Top of THE DATA

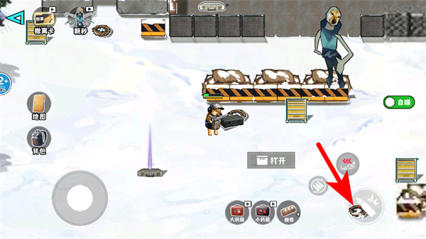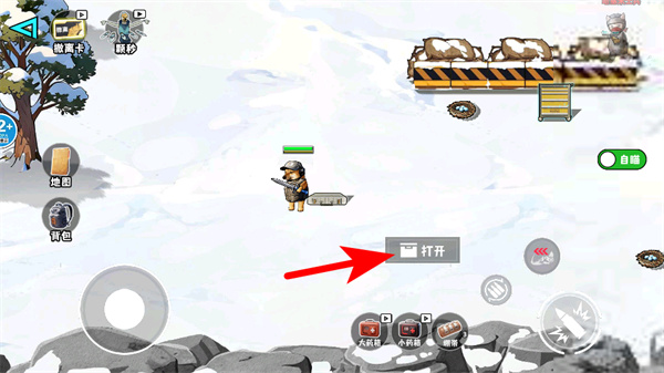 1、进入游戏界面后,点击打开按钮,这是查看背包内容的关键操作,准确点击才能进入背包界面。
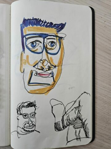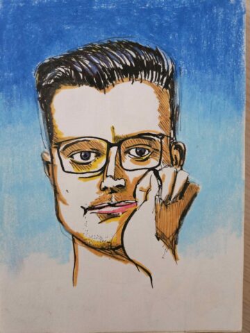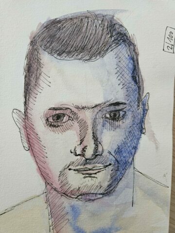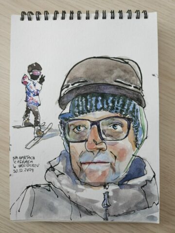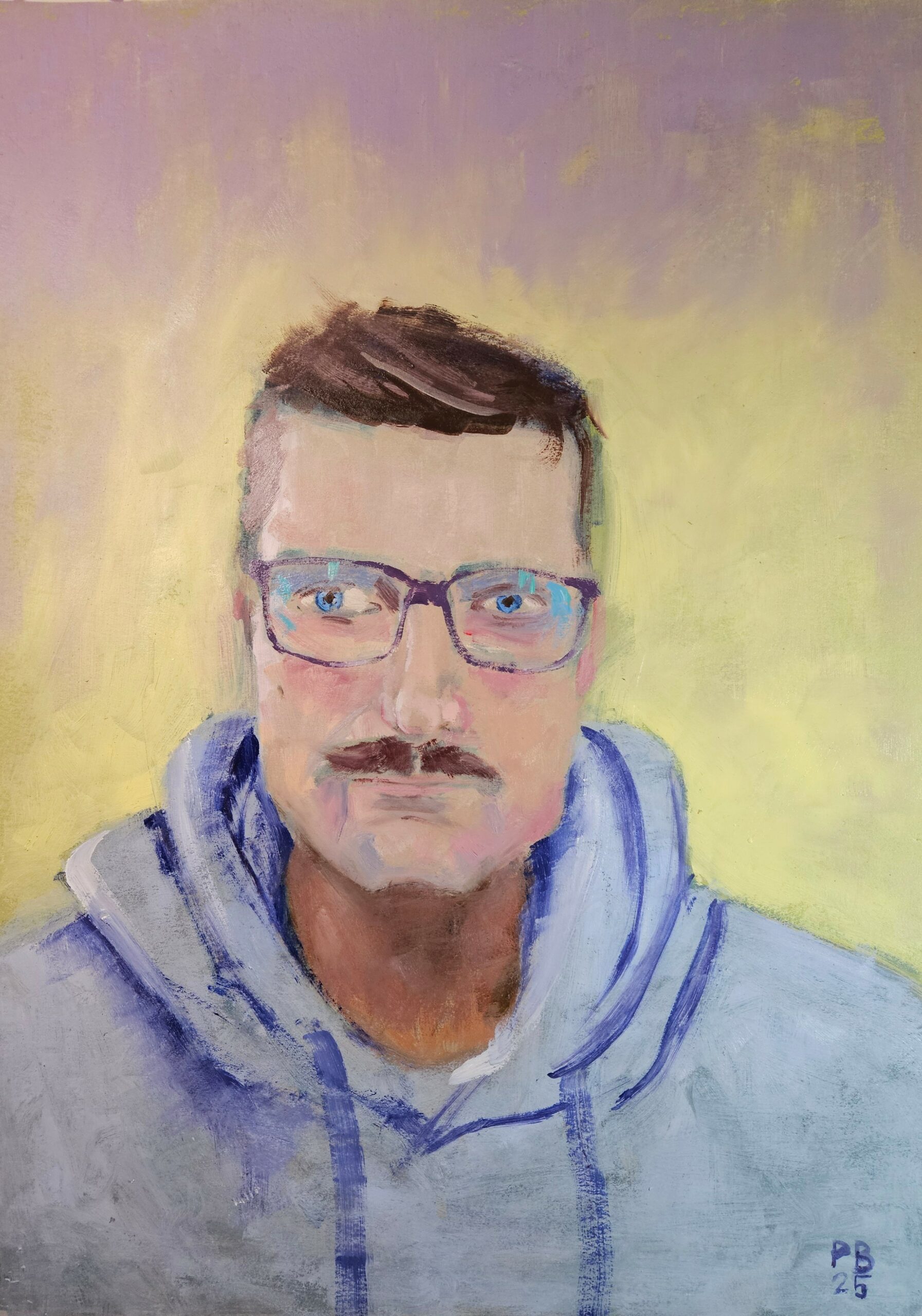 Autoportret z wąsem i siwym włosem Olej na tekturze introligatorskiej 50x70cm Przełom roku zawsze daje mi natchnienie do namalowania autoportretu. Przez lata zmieniała się technika, umiejętności i podejście, ale każdy z poniższych pokazuje kawałek mnie
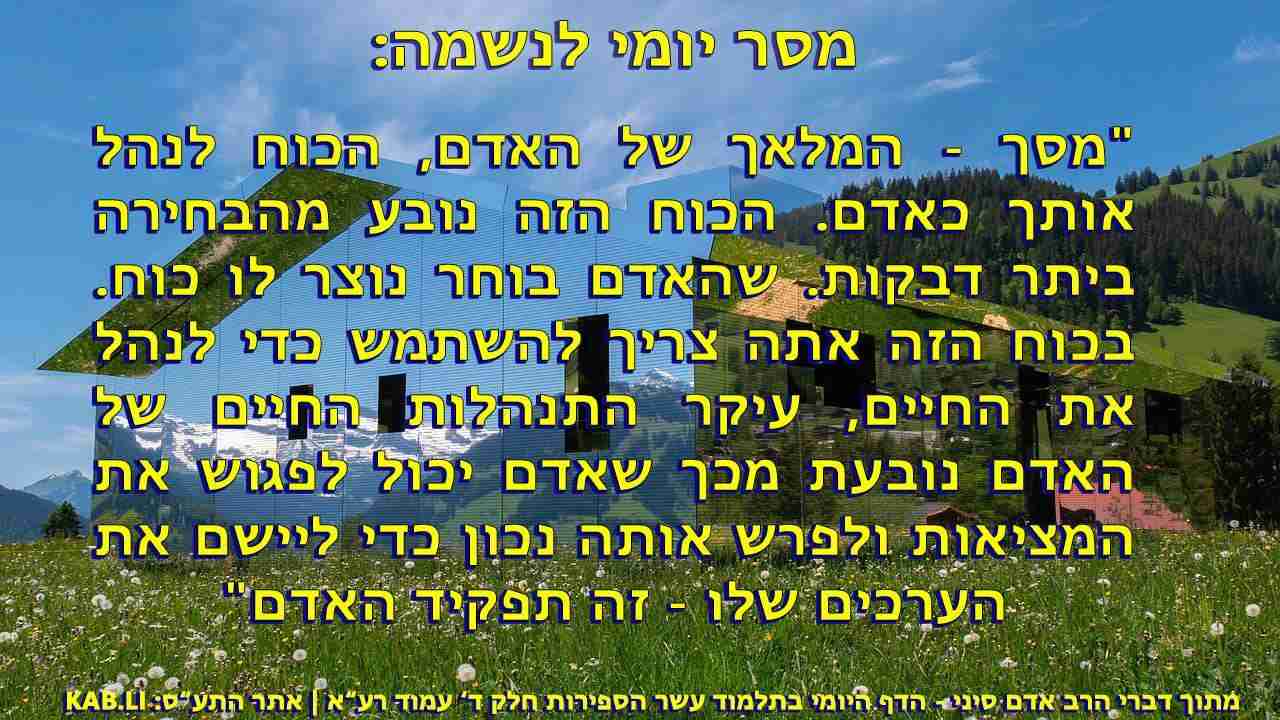 10. כאשר אדם קונה את שבע בחינות אלה שבמסך, יכול לנהל את האני שלו באופן הראוי עד להגיע לאידאה שלו שהיא אהבת ה'.

Bottom of THE DATA

Keep the pictures out and repeat exactly the lines from the beginning of the data through the line that contains "Autoportret z wąsem", both ends included.

 1、进入游戏界面后,点击打开按钮,这是查看背包内容的关键操作,准确点击才能进入背包界面。
 Autoportret z wąsem i siwym włosem Olej na tekturze introligatorskiej 50x70cm Przełom roku zawsze daje mi natchnienie do namalowania autoportretu. Przez lata zmieniała się technika, umiejętności i podejście, ale każdy z poniższych pokazuje kawałek mnie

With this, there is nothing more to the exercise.